There is added interest in the way the composers later commented on who did what. Paul McCartney has been particularly vehement, and caused a fuss by wanting to reverse to McCartney-Lennon on a reissue of Yesterday, which was occasioned by John's disparaging remark in How Do You Sleep? You live with straights who tell you, you was king Jump when your momma tell you anything The only thing you done was yesterday And since you're gone you're just another day It never stopped John taking half the royalties on Yesterday. John also took a swipe at Another Day and Linda McCartney. I understand Paul's point of view having done a series of textbooks as 'Hartley-Viney' (like Paul, I am alphabetically challenged on credits). I've also been quite vehement on who actually wrote what. The one that gets me is the second in the Streamline series. Our publisher, OUP, decided to split our original one book into two, and asked for four new units at the start of book two to bridge the (new) gap. There was a deadline. I co-wrote them with Karen … 100% … while my co-author was in Latin America. He refused to even acknowledge Karen's contribution in the introduction, though one later unit was entirely her work. Before we start. I took my seat at 7.15 and most of the string sections are on stage tuning up. Woodwind come on 7 or 8 minutes later, and brass a couple of minutes before the start. I suppose brass don't need to tune up. Unlike the BSO Pink Floyd concerts, there is no bass guitar and the standard drummer, hidden behind the pianist, doesn't play much. There are timpani, tom toms, bongoes and a BIG bass drum.
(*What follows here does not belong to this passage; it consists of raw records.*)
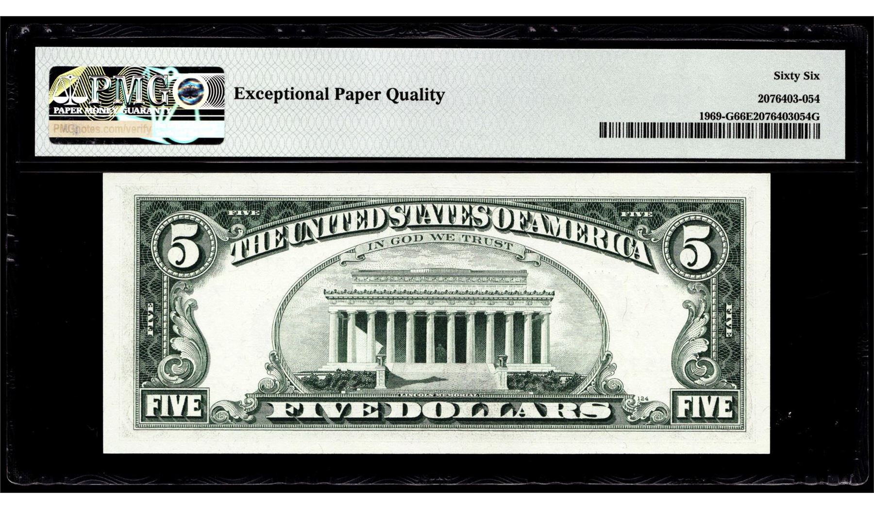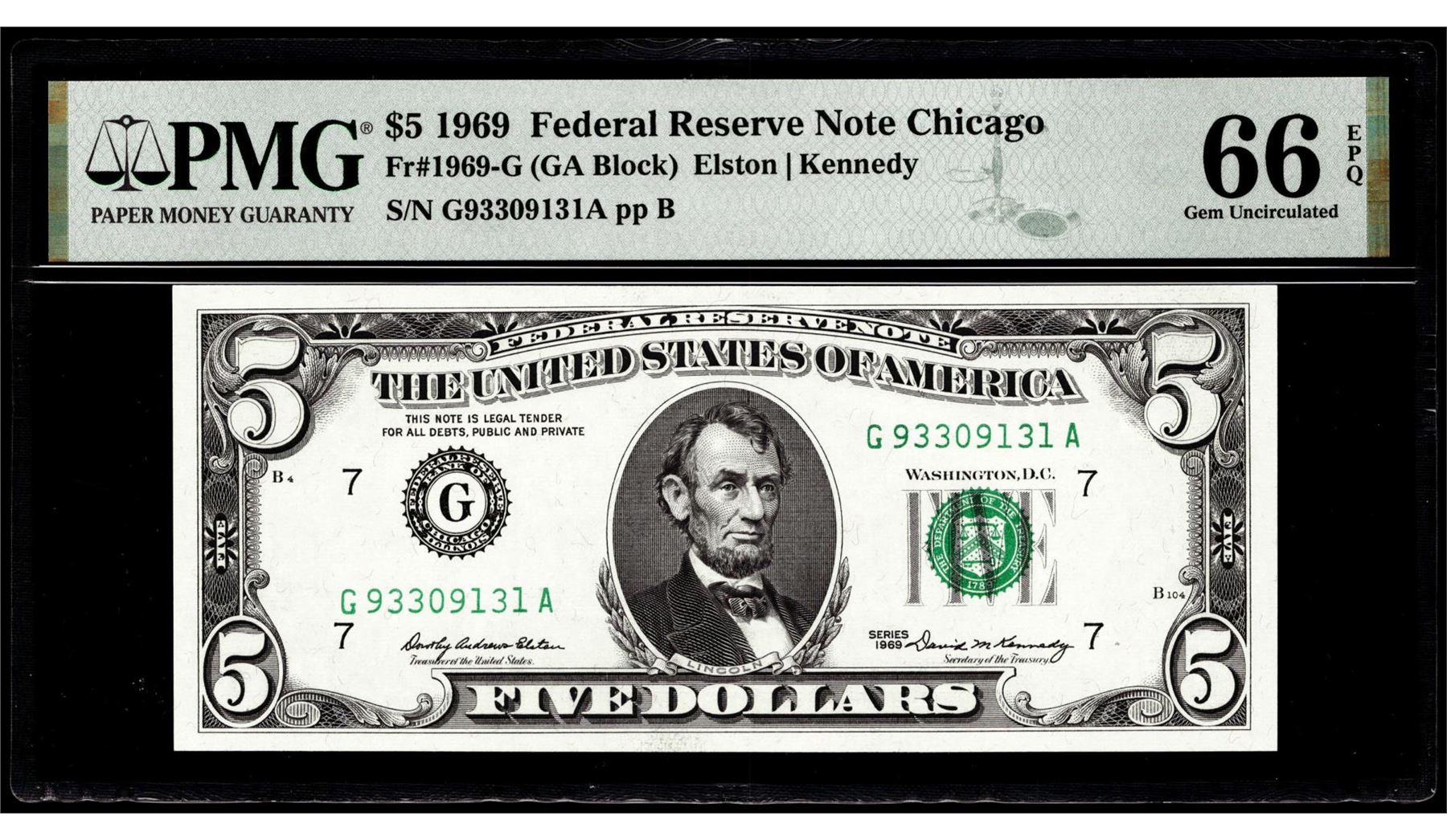 One 1969 $5 Federal Reserve Note Chicago Fr.1969-G PMG Gem Uncirculated 66EPQ. PMG Certified.
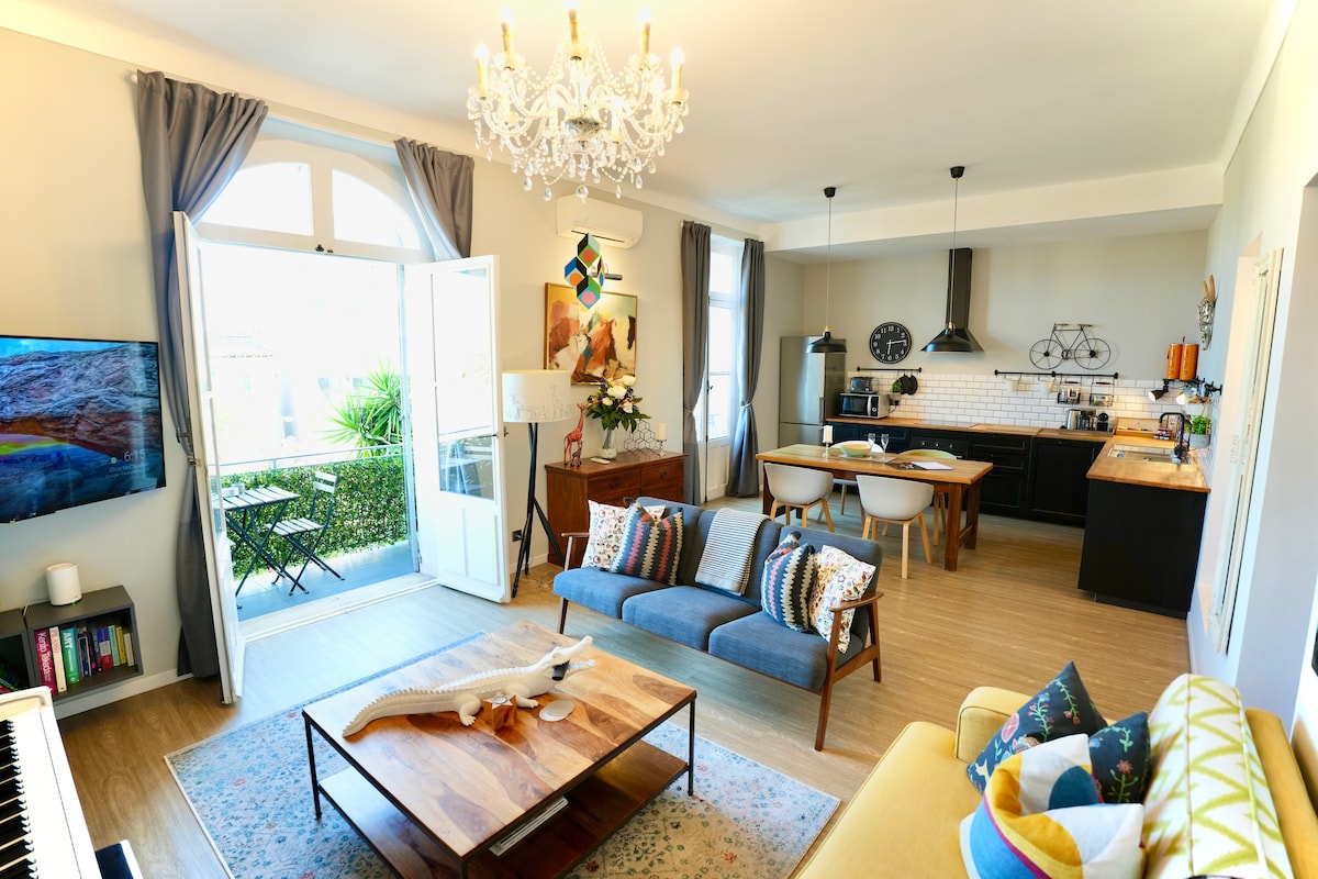 卡西斯中心大型2室公寓,带阳台,私人停车场
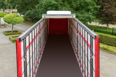 “It helps to strengthen the superstructure, so that the EN 12642 XL standard is met. This standard encourages the trailer builder and parts manufacturer to develop new and better products for a stronger and safer trailer. The Carapax roof tarpaulin can be recognised on the inside by the diagonal line structure.”
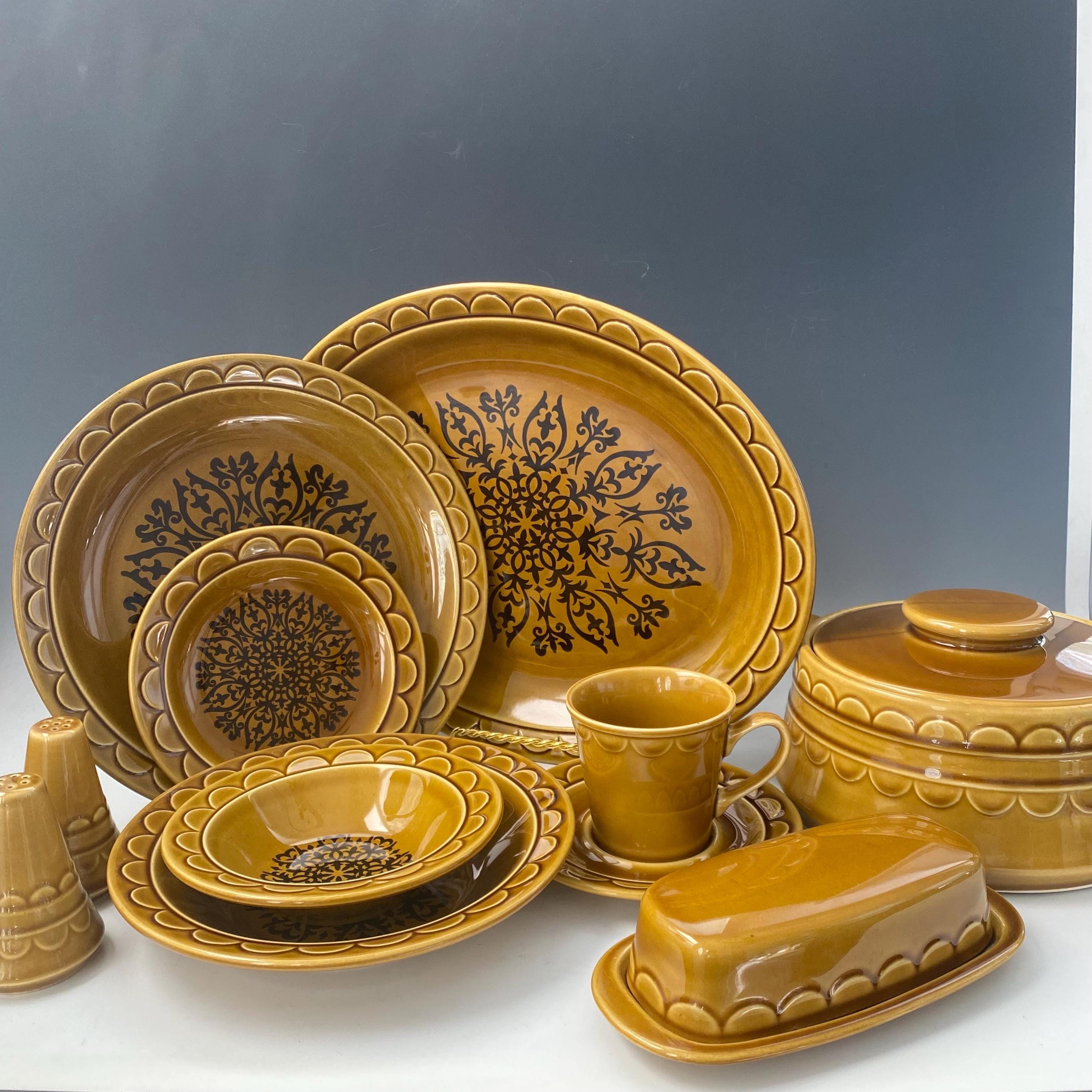 "Your choice of Vintage Coventry Castilian/Homer Laughlin Golden Harvest dinnerware. All pieces...
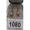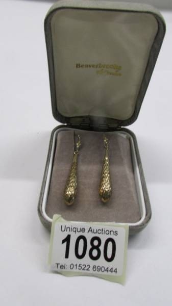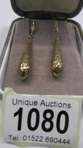 A pair of textured 9ct gold pendant earrings.
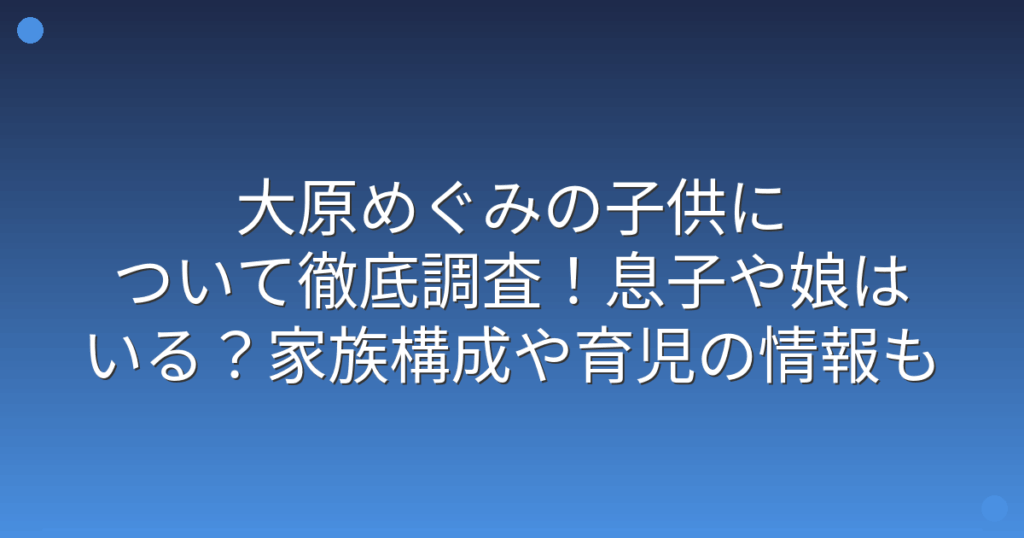 大原めぐみの子供について徹底調査!息子や娘はいる?家族構成や育児の情報も気になる!
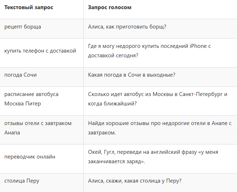 На изображении ниже — общее число пользователей цифровых голосовых ассистентов в мире в период с 2019 по 2024 год (в миллиардах). Ожидается, что к 2030 году рынок голосовых технологий вырастет до 26,8 миллиардов долларов. Компаниям уже сейчас важно задуматься о том, как их сайты будут отвечать на запросы голосом. Сразу скажу: не для каждого. Ключевой вопрос: ищут ли клиенты ваши товары или услуги с помощью голоса? То есть предложение бизнеса должно совпадать с форматом и целями запросов голосом. Основа голосового поиска — запросы с привязкой «рядом со мной». Люди спрашивают: «где купить цветы недалеко от меня», «ближайшая кофейня» или «вызвать сантехника срочно». Алгоритмы поисковиков отдают приоритет географической близости бизнеса, а не его рейтингу или ассортименту. Кому необходима оптимизация: Здесь акцент смещается с «где найти» на «что купить» и «что заказать». Помощники вроде Amazon Alexa научились управлять покупками: добавлять товары в корзину, оформлять заказы и давать персональные рекомендации. Такой шопинг понравится клиентам, которые привыкли постоянно взаимодействовать с голосовыми помощниками. Люди используют голосовые, чтобы быстро узнать что-то: «как приготовить безе» или «что такое NFT». Это возможность привлечь трафик на экспертный контент. Кому подойдет: Рынок помощников постоянно растет и развивается. Рассмотрим основных игроков. Этот ассистент, разработанный корпорацией Apple, предустановлен на iPhone, iPad, Apple Watch и компьютеры Mac. Функционал включает отправку сообщений, установку напоминаний, поиск данных в сети и контроль над системами умного дома. Сильные стороны: Помощник от Google функционирует на платформе Android, умных колонках Google Home и других совместимых гаджетах. Он способен обрабатывать запросы, исполнять команды и взаимодействовать с экосистемой сервисов компании. Сильные стороны: Ассистент, созданный компанией Amazon для устройств серии Echo и прочей совместимой техники. С его помощью можно координировать работу умного дома, проигрывать музыкальные композиции, ставить таймеры и получать доступ к прочему контенту. Сильные стороны: Отечественный помощник, разработанный компанией Яндекс. Доступен на смартфонах под управлением iOS и Android, а также в фирменных станциях. Алиса умеет искать данные в сети, контролировать умный дом, сообщать актуальные новости и предлагать развлекательный контент, включая игры. Сильные стороны: Алиса уступает глобальным аналогам по функциональности. Иногда помощник от Яндекса может давать неточные ответы на сложные или многосоставные вопросы. Продукт компании VK, встроенный в одноименную социальную сеть и другие платформы. Маруся помогает находить информацию, создавать напоминания, управлять умными устройствами. Сильные стороны: Маруся проигрывает другим помощникам по количеству доступных интеграций и общему объему функций. Подписывайтесь на наш ВК и Телеграм, чтобы узнавать последние новости SEO и нейросетей, а еще подсматривать новые фишки продвижения. Ключевое отличие заключается в естественности. В речи мы формулируем свои желания не в виде набора ключевых слов, а в форме полных, развернутых вопросов. Визуально этот контраст выглядит так: Этот переход от лаконичных фраз к полным предложениям обусловлен самой механикой общения. Пользователь воспринимает устройство как собеседн

There’s a concept. They act out the parts of John and Paul, and I will note Mark McGann as ‘JOHN’ and Joe Stilgoe as ‘PAUL’ with Claire Martin as ‘CLAIRE.’ There is dialogue (I won’t spoil by revealing it, but it’s well done and funny) and there are a few snatches of songs they don’t go on to perform. Mark McGann is greatly advantaged by doing a good Liverpool accent and more importantly looking like an older version of John Lennon.
The comparison throughout has to be The Bootleg Beatles who use a much smaller string section and a much smaller brass section and followed the George Martin arrangements. These are mainly, or completely, new arrangements, but the arranger isn’t credited.
They open with Two of Us from Let It Be and I don’t think that would have occurred to anyone as an important song until Peter Jackson’s Get Back (LINKED) trilogy in 2021. It provides the title and John and Paul sing it together on two mics. It is appropriate as a late retrospective song. I was fascinated by plucked violins en masse, then strumming chords on violins. It’s not a song that lends itself to a full orchestra, but it worked.
Then they switch to single singer mode. This puzzled me. There was a lead singer in Beatles songs, but usually there are backing vocals and harmonies. That was their blend. I thought it a major error here to eschew that. They had three very good singers. Couldn’t they do harmonies? I can only think they wanted to emphasize ‘This is John’s song. This is Paul’s song.’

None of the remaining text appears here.